__What is expected__. Give the data again word for word; drop the pictures.

__Data provided__.
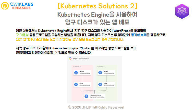 쿠버네티스 엔진 클러스터와 지역 영역 디스크를 사용해 고 가용성의 서비스가 가능한 워드프레스
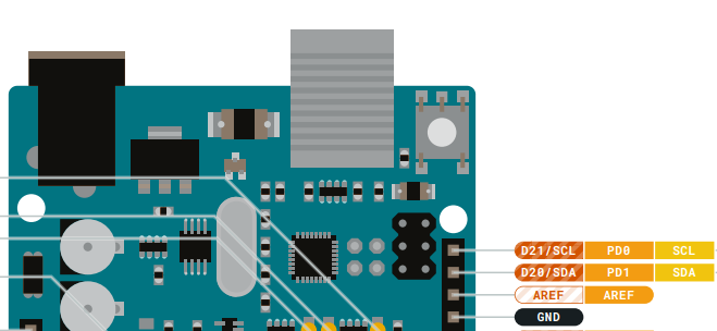 If you have more than one device, then there are a few options open to you. Some modules (PCA9685 and PCF8574 for example) have I2C pins at both ends of the PCB, so you can use one set of pins to connect to the Arduino and the other set to connect to another device. You can chain multiple devices, subject to the restrictions described in sections for Cabling and Pull-ups.
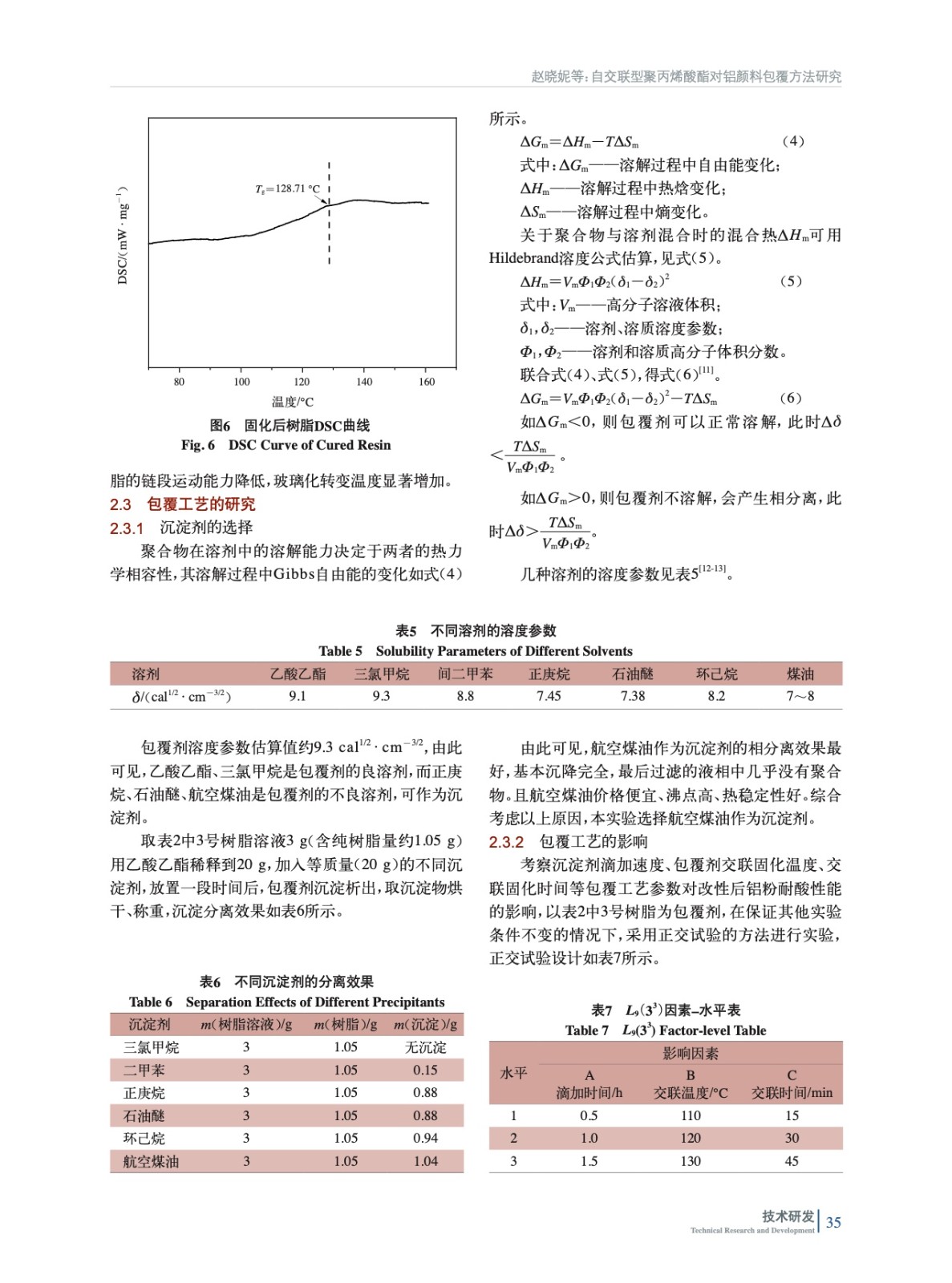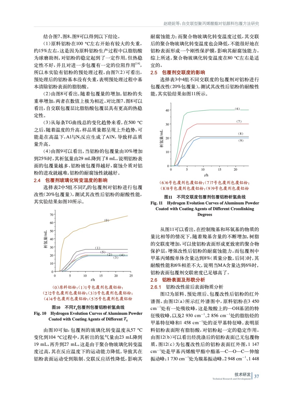 摘要:基于自由基溶液聚合方法合成自交聯(lián)型聚丙烯酸樹(shù)脂,基于高分子溶液的相分離原理對(duì)鋁粉進(jìn)行包覆改性,系統(tǒng)研究了包覆工藝、包覆量、包覆劑玻璃化轉(zhuǎn)變溫度和交聯(lián)度對(duì)改性后鋁粉耐酸性能的影響。利用熱失重(TG)對(duì)復(fù)合粒子表面包覆量進(jìn)行表征,利用差示掃描量熱(DSC)對(duì)樣品的玻璃化轉(zhuǎn)變溫度進(jìn)行表征,利用傅里葉變換紅外(FT-IR)光譜對(duì)復(fù)合粒子的表面官能團(tuán)進(jìn)行表征,利用掃描電鏡(SEM)對(duì)復(fù)合粒子表面形貌進(jìn)行表征。實(shí)驗(yàn)研究表明:改性后的鋁粉表面附有一層致密的聚合物膜,與有機(jī)小分子包覆的原料鋁粉相比,其在酸液中的緩蝕率達(dá)到85%以上。

__Written solution__.
 쿠버네티스 엔진 클러스터와 지역 영역 디스크를 사용해 고 가용성의 서비스가 가능한 워드프레스
 If you have more than one device, then there are a few options open to you. Some modules (PCA9685 and PCF8574 for example) have I2C pins at both ends of the PCB, so you can use one set of pins to connect to the Arduino and the other set to connect to another device. You can chain multiple devices, subject to the restrictions described in sections for Cabling and Pull-ups.
 摘要:基于自由基溶液聚合方法合成自交聯(lián)型聚丙烯酸樹(shù)脂,基于高分子溶液的相分離原理對(duì)鋁粉進(jìn)行包覆改性,系統(tǒng)研究了包覆工藝、包覆量、包覆劑玻璃化轉(zhuǎn)變溫度和交聯(lián)度對(duì)改性后鋁粉耐酸性能的影響。利用熱失重(TG)對(duì)復(fù)合粒子表面包覆量進(jìn)行表征,利用差示掃描量熱(DSC)對(duì)樣品的玻璃化轉(zhuǎn)變溫度進(jìn)行表征,利用傅里葉變換紅外(FT-IR)光譜對(duì)復(fù)合粒子的表面官能團(tuán)進(jìn)行表征,利用掃描電鏡(SEM)對(duì)復(fù)合粒子表面形貌進(jìn)行表征。實(shí)驗(yàn)研究表明:改性后的鋁粉表面附有一層致密的聚合物膜,與有機(jī)小分子包覆的原料鋁粉相比,其在酸液中的緩蝕率達(dá)到85%以上。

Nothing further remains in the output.